━━ DATA BLOCK ━━

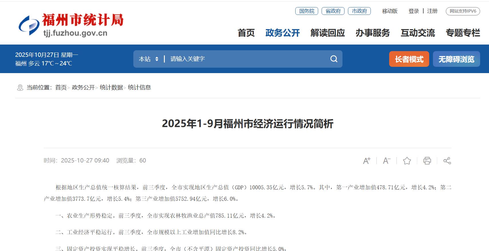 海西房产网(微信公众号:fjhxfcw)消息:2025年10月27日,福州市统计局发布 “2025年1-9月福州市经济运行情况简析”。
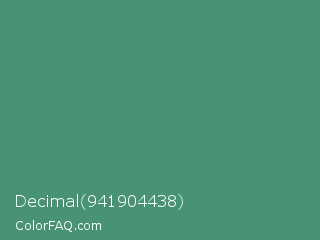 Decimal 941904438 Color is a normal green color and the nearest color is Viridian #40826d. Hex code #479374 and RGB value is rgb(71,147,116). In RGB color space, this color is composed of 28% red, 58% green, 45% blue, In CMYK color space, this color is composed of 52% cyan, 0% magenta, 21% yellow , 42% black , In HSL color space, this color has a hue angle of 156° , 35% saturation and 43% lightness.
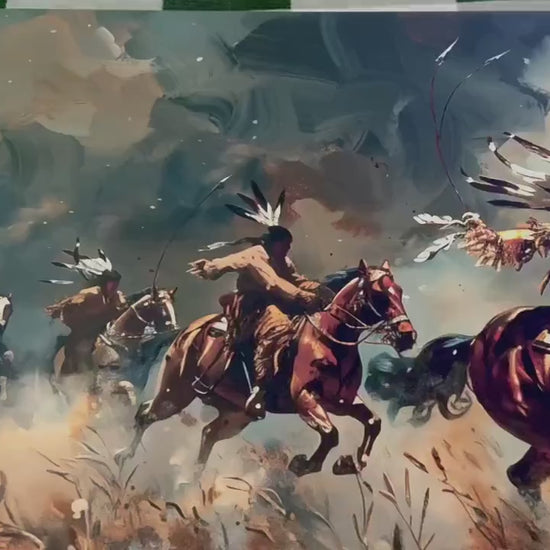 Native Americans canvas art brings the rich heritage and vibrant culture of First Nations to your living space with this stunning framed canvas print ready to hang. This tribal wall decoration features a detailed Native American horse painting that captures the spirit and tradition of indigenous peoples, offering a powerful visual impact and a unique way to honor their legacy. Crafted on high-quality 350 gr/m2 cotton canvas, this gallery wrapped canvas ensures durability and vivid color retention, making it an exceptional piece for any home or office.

━━━

PROBLEM REQUIREMENTS — While leaving pictures out, reproduce exactly the lines from the beginning of the listing above through the line containing "Decimal 941904438 Color", both ends included.

WRITTEN SOLUTION —
 海西房产网(微信公众号:fjhxfcw)消息:2025年10月27日,福州市统计局发布 “2025年1-9月福州市经济运行情况简析”。
 Decimal 941904438 Color is a normal green color and the nearest color is Viridian #40826d. Hex code #479374 and RGB value is rgb(71,147,116). In RGB color space, this color is composed of 28% red, 58% green, 45% blue, In CMYK color space, this color is composed of 52% cyan, 0% magenta, 21% yellow , 42% black , In HSL color space, this color has a hue angle of 156° , 35% saturation and 43% lightness.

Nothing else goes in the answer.